[RECORD EXTRACTS — start]

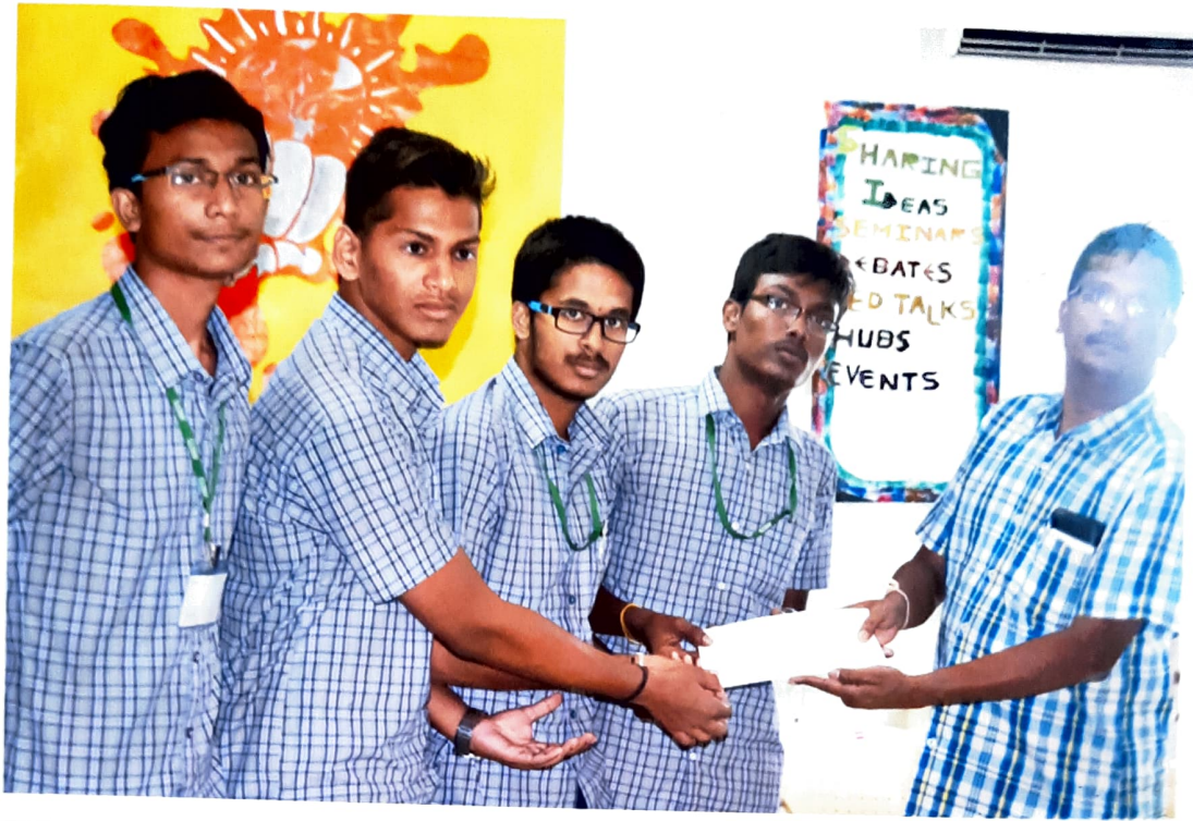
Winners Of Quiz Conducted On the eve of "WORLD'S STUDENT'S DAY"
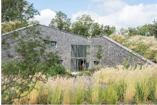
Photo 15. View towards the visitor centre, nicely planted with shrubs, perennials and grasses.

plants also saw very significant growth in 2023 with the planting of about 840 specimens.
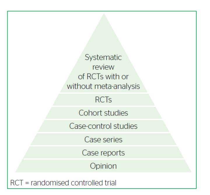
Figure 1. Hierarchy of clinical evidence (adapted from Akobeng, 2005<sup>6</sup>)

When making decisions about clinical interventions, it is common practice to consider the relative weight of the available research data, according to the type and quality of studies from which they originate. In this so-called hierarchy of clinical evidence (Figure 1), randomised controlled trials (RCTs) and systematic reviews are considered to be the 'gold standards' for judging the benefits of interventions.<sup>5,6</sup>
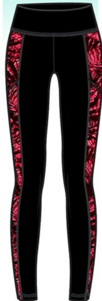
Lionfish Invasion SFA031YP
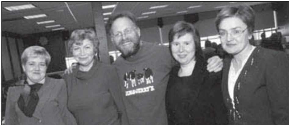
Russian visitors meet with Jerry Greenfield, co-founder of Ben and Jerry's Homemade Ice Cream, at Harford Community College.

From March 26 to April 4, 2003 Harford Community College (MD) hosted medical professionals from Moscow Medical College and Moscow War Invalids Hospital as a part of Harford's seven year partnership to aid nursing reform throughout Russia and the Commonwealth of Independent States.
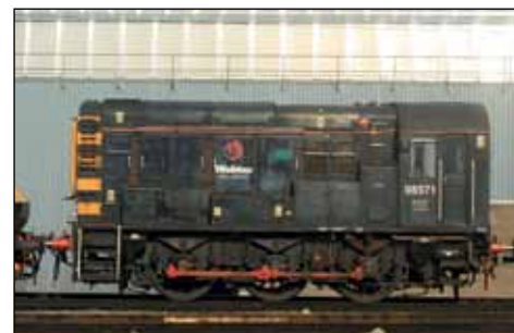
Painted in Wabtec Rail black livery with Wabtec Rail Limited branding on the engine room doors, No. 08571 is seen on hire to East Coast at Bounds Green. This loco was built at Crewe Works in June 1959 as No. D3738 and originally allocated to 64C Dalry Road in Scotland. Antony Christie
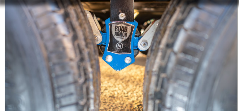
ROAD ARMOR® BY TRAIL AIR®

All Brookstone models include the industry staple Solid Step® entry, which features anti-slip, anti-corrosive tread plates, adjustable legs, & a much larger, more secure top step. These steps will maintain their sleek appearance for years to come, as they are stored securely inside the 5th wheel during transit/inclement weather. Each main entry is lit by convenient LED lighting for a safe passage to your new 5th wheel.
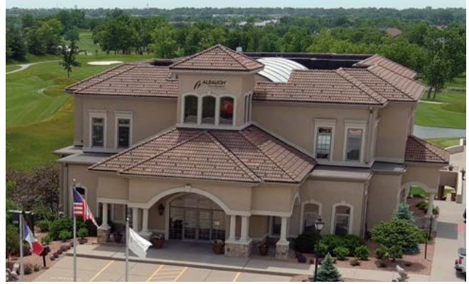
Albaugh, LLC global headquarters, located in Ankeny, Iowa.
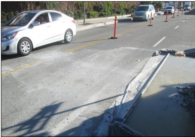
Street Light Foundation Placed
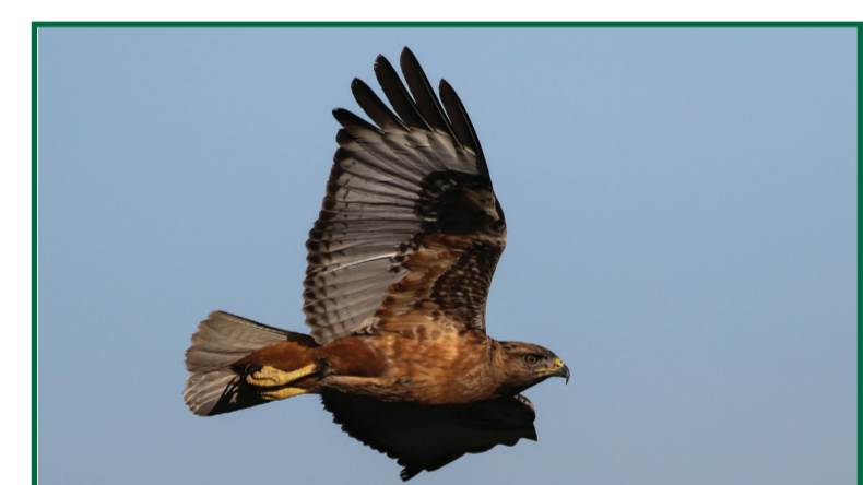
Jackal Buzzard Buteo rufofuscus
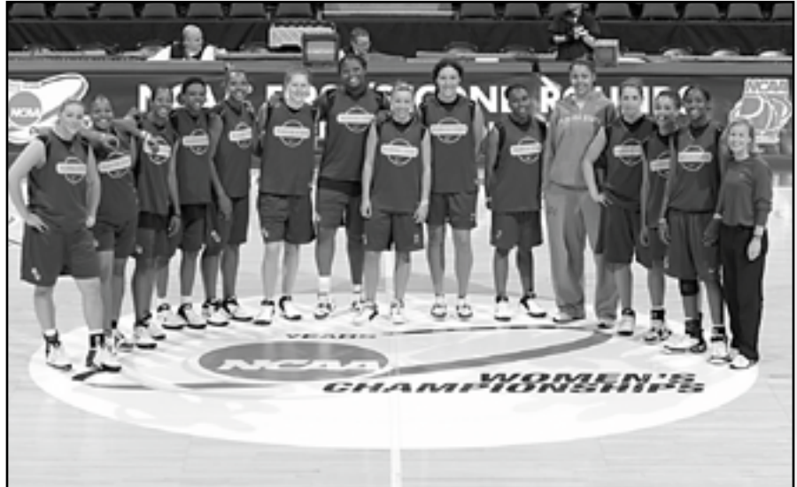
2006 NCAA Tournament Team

[RECORD EXTRACTS — finish]
[RECORD EXTRACTS — start]

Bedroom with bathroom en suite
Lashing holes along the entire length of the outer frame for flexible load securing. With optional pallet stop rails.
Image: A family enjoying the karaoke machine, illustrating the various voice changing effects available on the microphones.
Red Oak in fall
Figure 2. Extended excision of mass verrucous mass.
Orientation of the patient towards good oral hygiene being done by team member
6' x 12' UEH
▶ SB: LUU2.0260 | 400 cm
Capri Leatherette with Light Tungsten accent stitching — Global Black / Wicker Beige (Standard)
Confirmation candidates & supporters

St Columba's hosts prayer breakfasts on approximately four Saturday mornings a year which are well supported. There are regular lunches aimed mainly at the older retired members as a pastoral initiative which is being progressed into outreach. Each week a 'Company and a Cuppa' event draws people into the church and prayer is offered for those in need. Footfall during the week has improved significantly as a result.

[RECORD EXTRACTS — finish]
[RECORD EXTRACTS — start]

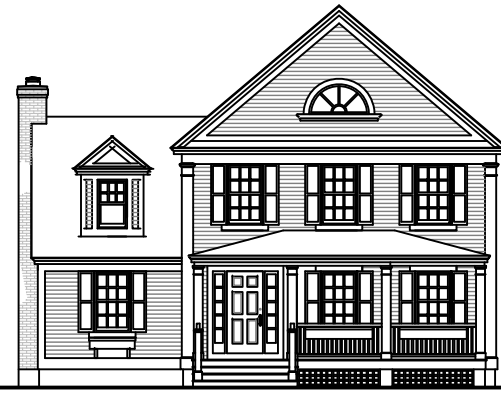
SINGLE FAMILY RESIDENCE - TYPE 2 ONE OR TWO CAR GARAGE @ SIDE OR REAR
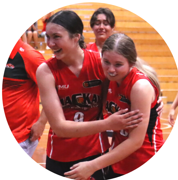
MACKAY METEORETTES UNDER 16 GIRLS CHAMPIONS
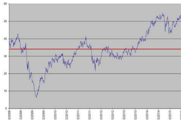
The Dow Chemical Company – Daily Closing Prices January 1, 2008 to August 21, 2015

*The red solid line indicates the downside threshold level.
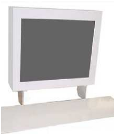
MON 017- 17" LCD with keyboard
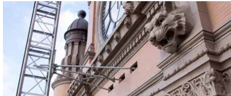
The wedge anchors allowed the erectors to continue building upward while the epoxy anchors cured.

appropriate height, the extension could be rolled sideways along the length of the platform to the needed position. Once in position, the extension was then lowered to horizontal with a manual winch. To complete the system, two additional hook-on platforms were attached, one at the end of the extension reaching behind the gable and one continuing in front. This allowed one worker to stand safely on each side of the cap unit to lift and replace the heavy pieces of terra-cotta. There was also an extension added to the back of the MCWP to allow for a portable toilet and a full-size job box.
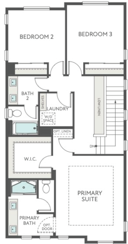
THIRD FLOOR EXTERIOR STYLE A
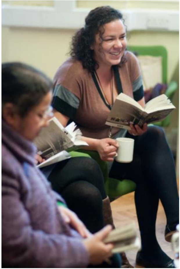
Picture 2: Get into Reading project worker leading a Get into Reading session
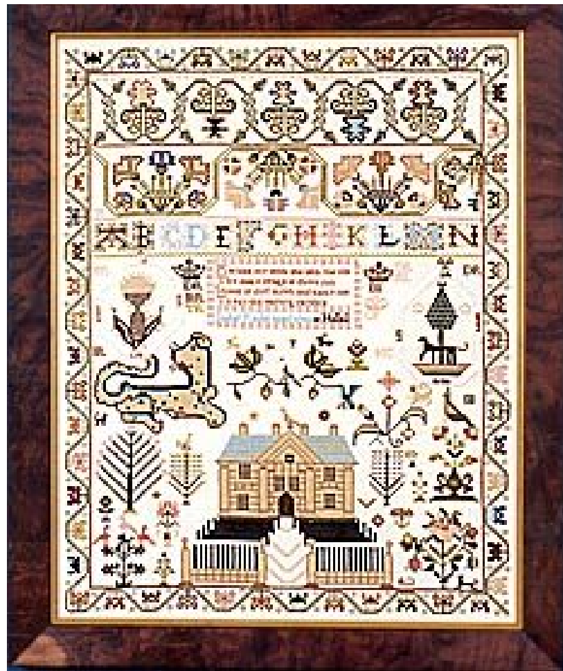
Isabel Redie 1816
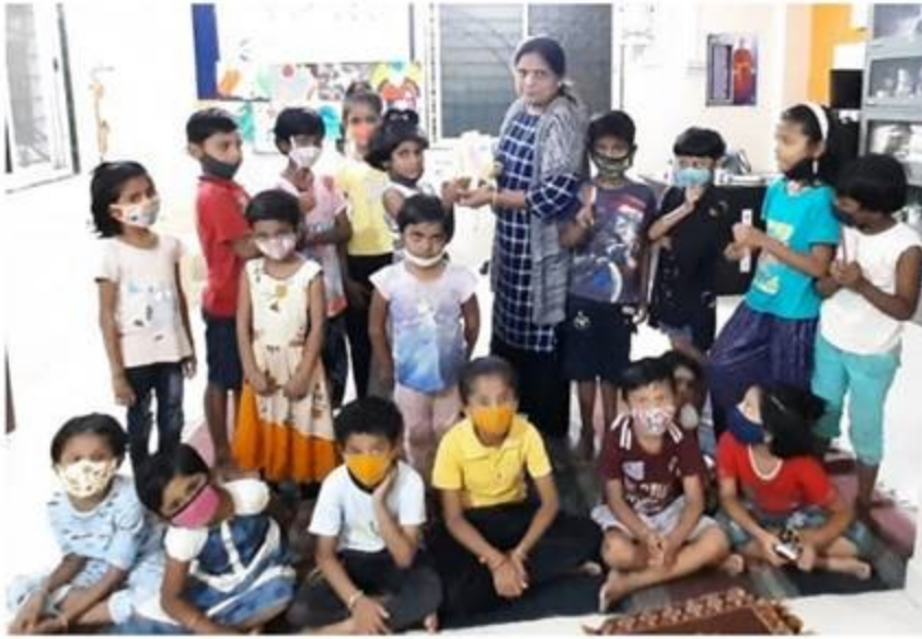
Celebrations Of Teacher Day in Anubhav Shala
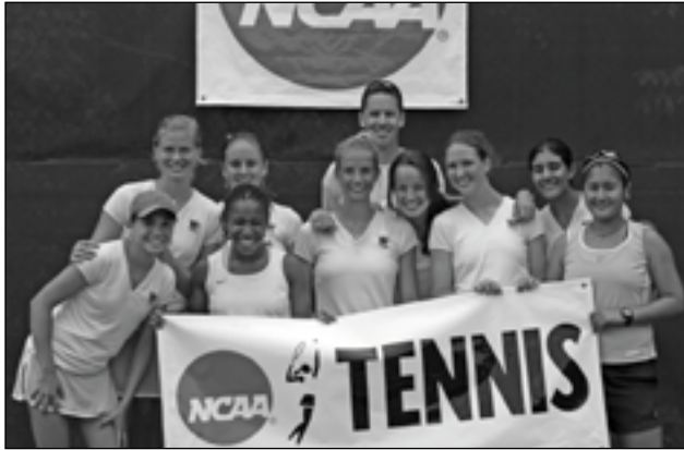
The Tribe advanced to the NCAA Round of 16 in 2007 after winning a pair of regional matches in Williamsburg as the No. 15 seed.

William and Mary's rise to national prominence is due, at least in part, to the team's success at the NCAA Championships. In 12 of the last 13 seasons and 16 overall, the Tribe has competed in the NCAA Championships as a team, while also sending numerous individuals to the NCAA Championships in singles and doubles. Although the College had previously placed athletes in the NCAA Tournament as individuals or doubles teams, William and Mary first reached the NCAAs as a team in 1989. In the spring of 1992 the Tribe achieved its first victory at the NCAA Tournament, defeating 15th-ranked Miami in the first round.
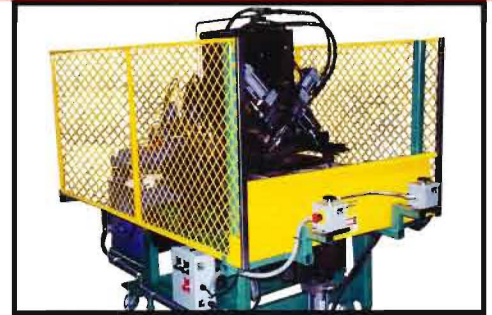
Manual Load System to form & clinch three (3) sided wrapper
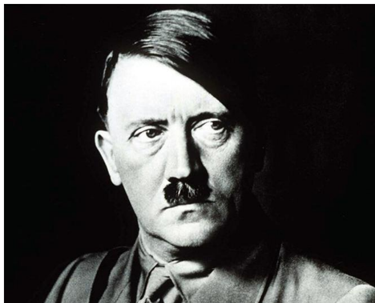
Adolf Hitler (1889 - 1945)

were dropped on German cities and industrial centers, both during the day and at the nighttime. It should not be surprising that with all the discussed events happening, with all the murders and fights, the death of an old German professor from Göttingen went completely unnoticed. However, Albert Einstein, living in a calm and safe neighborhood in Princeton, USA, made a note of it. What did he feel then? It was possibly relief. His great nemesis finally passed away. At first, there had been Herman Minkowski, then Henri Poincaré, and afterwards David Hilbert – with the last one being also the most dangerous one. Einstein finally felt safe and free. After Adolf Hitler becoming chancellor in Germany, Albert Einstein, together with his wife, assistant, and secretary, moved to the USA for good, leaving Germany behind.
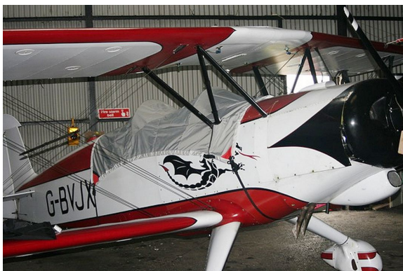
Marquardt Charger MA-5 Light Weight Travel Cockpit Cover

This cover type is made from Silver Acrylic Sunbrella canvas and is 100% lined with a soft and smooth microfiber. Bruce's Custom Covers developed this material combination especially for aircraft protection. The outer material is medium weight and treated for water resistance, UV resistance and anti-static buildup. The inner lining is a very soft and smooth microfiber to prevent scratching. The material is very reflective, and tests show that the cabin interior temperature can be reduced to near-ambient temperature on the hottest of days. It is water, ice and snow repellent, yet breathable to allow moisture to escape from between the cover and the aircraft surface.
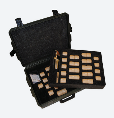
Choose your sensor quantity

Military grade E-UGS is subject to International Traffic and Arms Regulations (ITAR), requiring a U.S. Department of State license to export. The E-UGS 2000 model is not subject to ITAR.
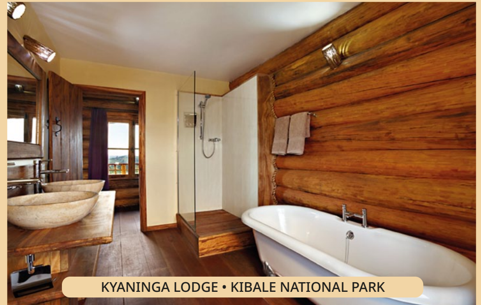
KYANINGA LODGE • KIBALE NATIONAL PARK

[RECORD EXTRACTS — finish]

## [WHAT THE TASK ASKS]
Print exactly the lines above that run from the one with "Choose your sensor quantity" to the one with "KYANINGA LODGE • KIBALE NATIONAL PARK", both included. No pictures.

## [TASK RESPONSE]
Choose your sensor quantity

Military grade E-UGS is subject to International Traffic and Arms Regulations (ITAR), requiring a U.S. Department of State license to export. The E-UGS 2000 model is not subject to ITAR.
KYANINGA LODGE • KIBALE NATIONAL PARK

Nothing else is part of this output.